Ministerio de Oración 
La Biblia nos dice en 1ra Tesalonicenses 5:17,   “Orad sin cesar”. Creemos que es necesario buscar a Dios diariamente, a través de la oración. Por eso, exhortamos a la membresía a que separen un tiempo diariamente, para tener un momento devocional con Dios.

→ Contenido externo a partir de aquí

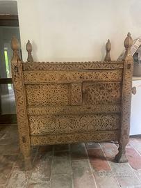 vendo bellissima cassapanca in legno del XIX secolo proveniente dall’afghanistan. Ha un’apertura superiore e una laterale sul fronte. È molto decorata con bellissime incisioni. presenta segni di usura

También, varias veces al año, tenemos Campañas de Oración de 48  horas contínuas (sin cesar),  para buscar el favor de Dios.
 
* Dentro de este ministerio, tenemos un pequeño grupo de hermanas que no trabajan fuera del hogar, y que se reúnen los martes en la mañana para orar en el templo o en algún hogar con necesidad.  Tenemos comunicación con Dios, compartimos entre nosotros, y también con las otras personas con las cuales hemos podido convivir.
* Hemos puesto en acción el amor y la solidaridad que debemos tener como hermanos en Cristo que somos.  Así como cuando una parte del cuerpo sufre, el resto se duele, sufrimos ante el dolor de uno de los miembros del cuerpo de Cristo, que es la Iglesia.  Y nos alegramos también con la alegría de otros, y el poder apoyarnos unos a otros, como una familia que somos.  También, por medio de este ministerio algunas personas han podido conocer de nuestra iglesia y han venido a los pies del Señor.
* Es nuestro deseo de que nuestro grupo crezca en número.   Pero oramos para que podamos crecer espiritualmente y que Dios nos guíe a donde hay necesidad, como hasta ahora lo ha estado haciendo.  Le pedimos sabiduría para seguir haciéndolo, y que agregue personas que puedan servir de apoyo y traer nuevas ideas al grupo.  Confiamos en la promesa que nuestro Señor Jesús nos dijo: “Otra vez os digo, que si dos de vosotros se pusieren de acuerdo en la tierra acerca de cualquiera cosa que pidieren, les será hecho por mi Padre que está en los cielos.  Porque donde están dos o tres congregados en mi nombre, allí estoy yo en medio de ellos.”  ( Mateo 18:19-20)
* La hermana Patricia Jara es la líder de este ministerio, quien vive totalmente agradecida a  Dios por haber llegado a su vida cuando más lo necesitaba y darle Su amor y perdón.  En especial el haber llenado ese vacío que sentía y ver lo que Él ha hecho en la vida de su esposo e hijas.  Deseaba servir en la iglesia, pero no sabía cómo, hasta que el Pastor se le acercó y le pidió que se hiciera cargo del Ministerio de la Oración.